# will DTG do Polyester flouro work shirts?



## dlzzzs (Feb 1, 2006)

I am wondering if anyone has tried to do Polyester flouro work shirts? I did just try it and it was terrible! 
any help would be great thanks. 
sorry to keep asking questions, I figured if anyone would know someone here would. 
thanks again


----------



## MotowearUSA (Nov 5, 2006)

Generally speaking DTG ink and Polyester don't get along. It's my understanding that the ink does not bind to the poly the way that it does to cotton. We've had success going as low as 50/50 but we always try to use the highest percentage cotton blank that we can.


----------



## dlzzzs (Feb 1, 2006)

thanks for the info, as I said I did try it on poly.... what a mess that turned out. 
Do you use the same pre treatment on the 50/50 like the cotton?
thankyou


----------



## MotowearUSA (Nov 5, 2006)

We haven't even attempted white ink on anything less than 100% cotton yet. It's hard enough getting consistent results without adding the poly problem in but I have heard of others doing 50/50 darks with the same pretreatment process and supposedly with good results.


----------



## dlzzzs (Feb 1, 2006)

I got a polyester pre treatment to try , but it doesnt work either. I am about to go and try it again this time undiluted. will let you know what happens.
thanks again


----------



## MotowearUSA (Nov 5, 2006)

dlzzzs said:


> I got a polyester pre treatment to try , but it doesnt work either. I am about to go and try it again this time undiluted. will let you know what happens.
> thanks again


Good Luck! With the difficulty I'm having finding reasonabably priced zip up hoodies in 100% cotton it would be great to have a pretreatment option for them.


----------



## dlzzzs (Feb 1, 2006)

Polyester pre treatment, does not work! I tried 100% 60/40 65/35 ...all no good! lets hope technology will come up with something soon for polys. thanks for your help.


----------



## MotowearUSA (Nov 5, 2006)

Thanks for the update.


----------



## tomtv (Feb 6, 2007)

The only printer i know that can do poly is the kornit.
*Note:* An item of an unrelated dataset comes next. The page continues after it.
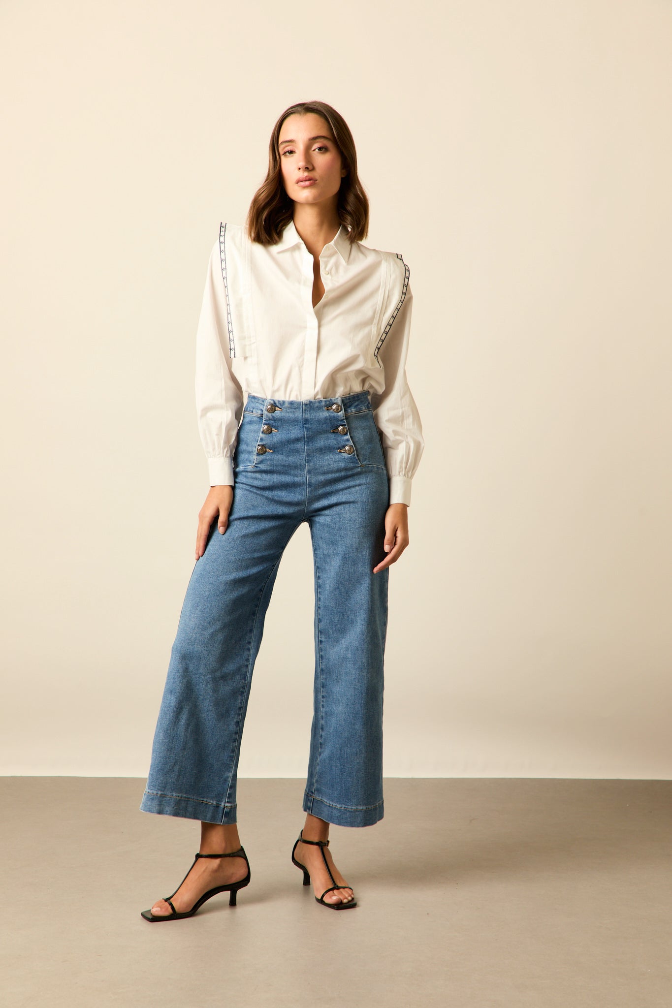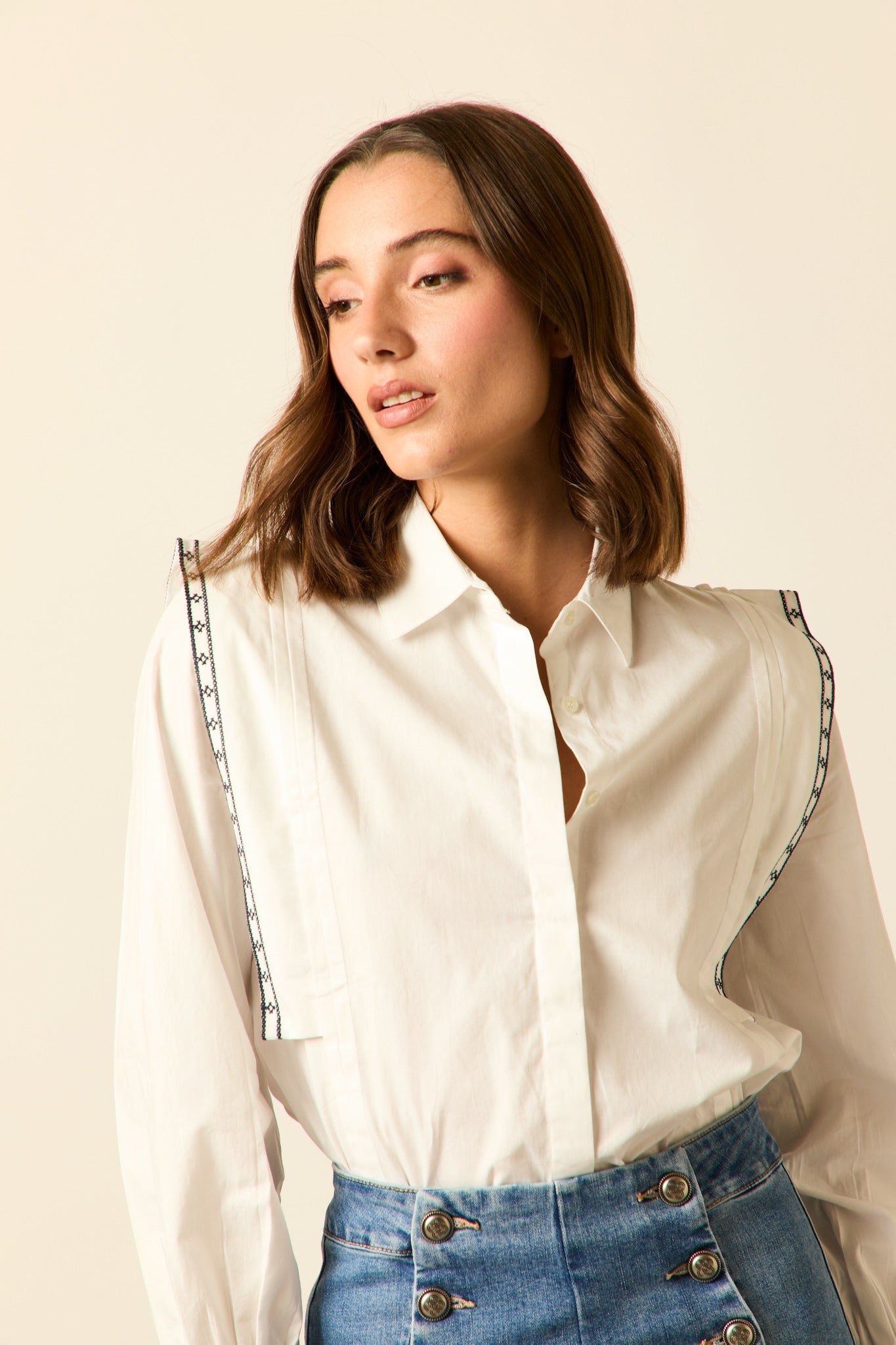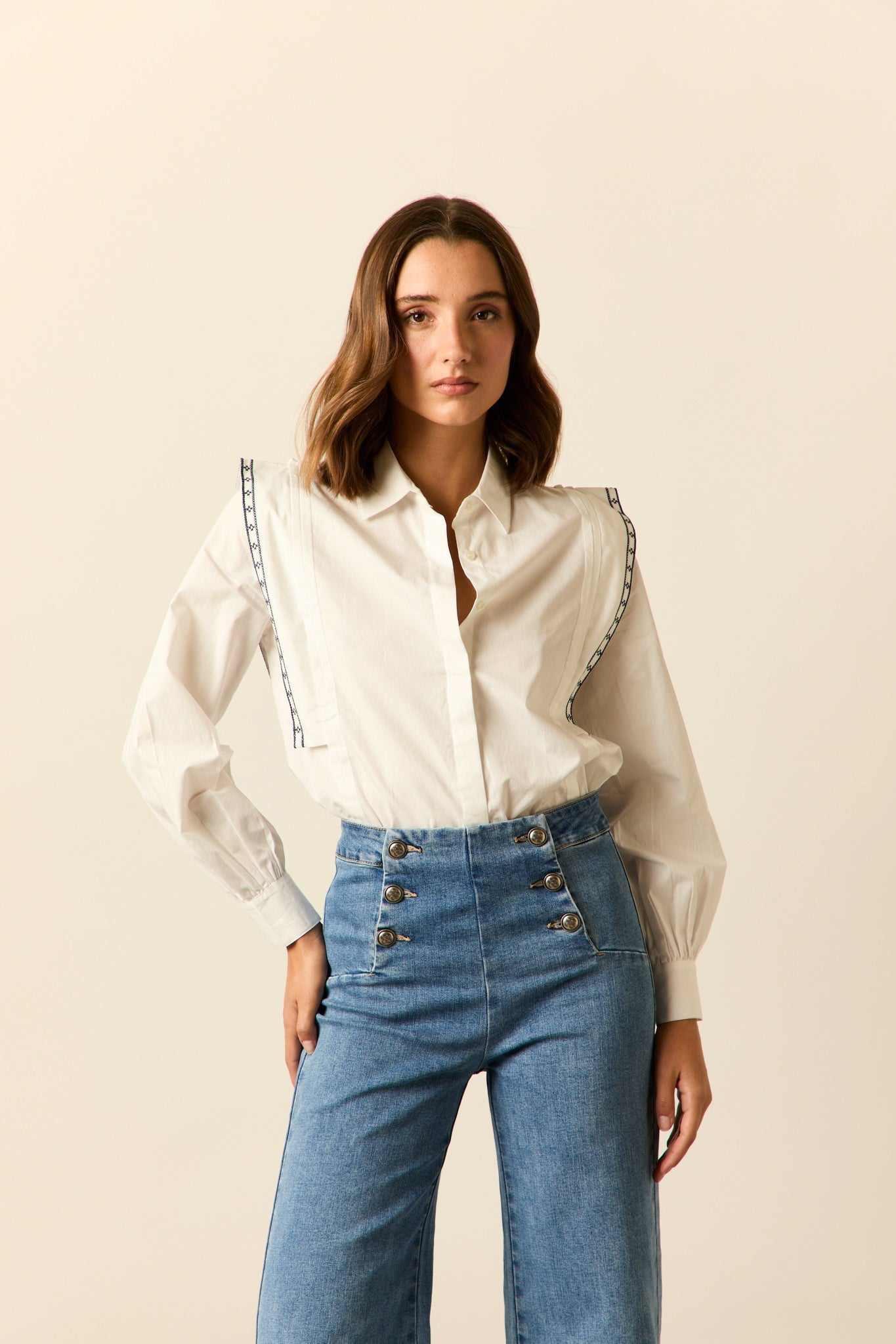 Camisa básica de popelina en tono blanco con diseño estructurado. Presenta detalle de aplicaciones decorativas en contraste a lo largo de los hombros, creando un efecto de volumen destacado. De corte recto, con cuello clásico, abotonadura frontal y mangas largas con puños ajustados.

it will do the lighter colors but it is limited to that as the white ink base does not currently work for poly material. so you cannot do poly items in the medium and dark colors. I just saw samples on white and some light colors and it was pretty impressive. not like a flock or thick platisol but nice.

tom


----------



## Macjaney (Feb 7, 2007)

We printed 12 100% polyester Hockey jerseys on our T-jet with a white underbase and a coloured logo (the Shirt was royal blue) Although it didn't work WELL it worked! They were for a friends play and I went and saw it on Saturday night and the shirts looked okay - pretty faded but you could read/seethe colours and what they said. My son printed them and he did 2 thin layers of white and let the shirt dry between applications and then a thin layer of colour. I wouldn't do it again though - the quality is not good and I'm sure they'll wash out almost immediately. As I've said before - it ws something we had to try and now we know.


----------